You could (and would have to) build insulated battery boxes as well in your situation. These don't dramatically add to the cost of a conversion (insulation and heaters are cheap) but they would add to the volume necessary for batteries. 

However, winter driving means more energy used for heat, defrosting, wipers, lights, etc. And you will likely be plowing through rain and (in your case lots of) snow and all this going on at once can impact electric range by 20 to 30 percent easy. AWD will be a 5 to 10% tax on range as well but in your case maybe a requirement.

One thing that might be working in your favor: What kind of speeds are you looking at for that 60 mile (minimum) range? If it is mostly at non-freeway speeds (secondary roads and such) and not too hilly you might be able to get away with a somewhat smaller battery pack than if you wanted that 60 mile range at 60mph. As a real world example, my MR2 can do 50 to 60 miles at 60mph straight and level. If I could drive continuously at 40mph under the same conditions instead (depending on where in AK you live, quite possibly a more realistic situation for you than for me) the range would be in excess of 100 miles easy. This effect is largely due to the square law of wind drag (doubling speed quadruples wind drag) but also in my case there is a factor due to the lead acid batteries and their peukert effect which would be much less pronounced with lithium batteries.

You could also consider a smaller vehicle. As for towing, a "small" boat is a relative term but assuming no more than 2 or 3 thousand pounds there are smaller vehicles that would still seat 4 and tow the boat after being converted. 

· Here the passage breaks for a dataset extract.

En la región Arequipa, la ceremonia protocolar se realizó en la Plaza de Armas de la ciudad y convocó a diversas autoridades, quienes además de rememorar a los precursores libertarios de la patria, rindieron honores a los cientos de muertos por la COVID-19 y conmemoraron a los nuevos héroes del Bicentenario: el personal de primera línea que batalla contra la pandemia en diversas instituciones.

If you do have significant hills, then with the towing requirement an AC drivetrain might be very well advised for the regenerative braking ability. There is no "engine braking" in the typical DC powered EV. At the very least, ensure the boat trailer has brakes.

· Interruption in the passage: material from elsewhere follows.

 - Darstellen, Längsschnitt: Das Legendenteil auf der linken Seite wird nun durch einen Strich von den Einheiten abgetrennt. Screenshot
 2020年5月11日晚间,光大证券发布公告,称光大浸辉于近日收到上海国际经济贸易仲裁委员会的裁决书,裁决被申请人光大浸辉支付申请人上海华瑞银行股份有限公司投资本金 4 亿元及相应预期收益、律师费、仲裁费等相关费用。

I am starting to theorize what my second EV is going to look like, and I want it to be able to seat 4, tow around 2000lbs and have decent cargo space. In other words, similar to what you are thinking. FWIW here is my very preliminary plan: I intend to use a solectria AC55 for the motor with direct drive using around a 6:1 gear ratio, and enough batteries for a 100 mile nominal range at freeway speed (at least 30KwH usable) My very preliminary current list of candidate vehicles: Pontiac Aztek (the heaviest but also with the most fat to lose up front, and also my favorite at this point), PT cruiser, Chevrolet HHR, Mazda 5, Scion xB (by far the lightest). I am expecting to be spending around $25K on the build, mostly for the batteries. I already have the motor and inverter (lucky craigslist buy) and I will recycle the manzanita charger from my current car.

Good luck


----------



## EValaska907 (Dec 30, 2010)

The pilot I'm planning to convert is a 5 speed automatic with a rear locking differential. So I should be looking for an ac drive system because of the area I live? There are a lot of hills around here and would hate to setup with a Dc system and then have problems uphill especially in the winter. Is there somewhere I can get prices and specs that would work? I'm sure this will make my venture a much more expensive one. I was looking at www.currentevtech.com. Would the 120kw BLDC motor work in my situation?
Thanks again for all the helpful info!


----------



## dtbaker (Jan 5, 2008)

EValaska907 said:


> The pilot I'm planning to convert is a 5 speed automatic with a rear locking differential.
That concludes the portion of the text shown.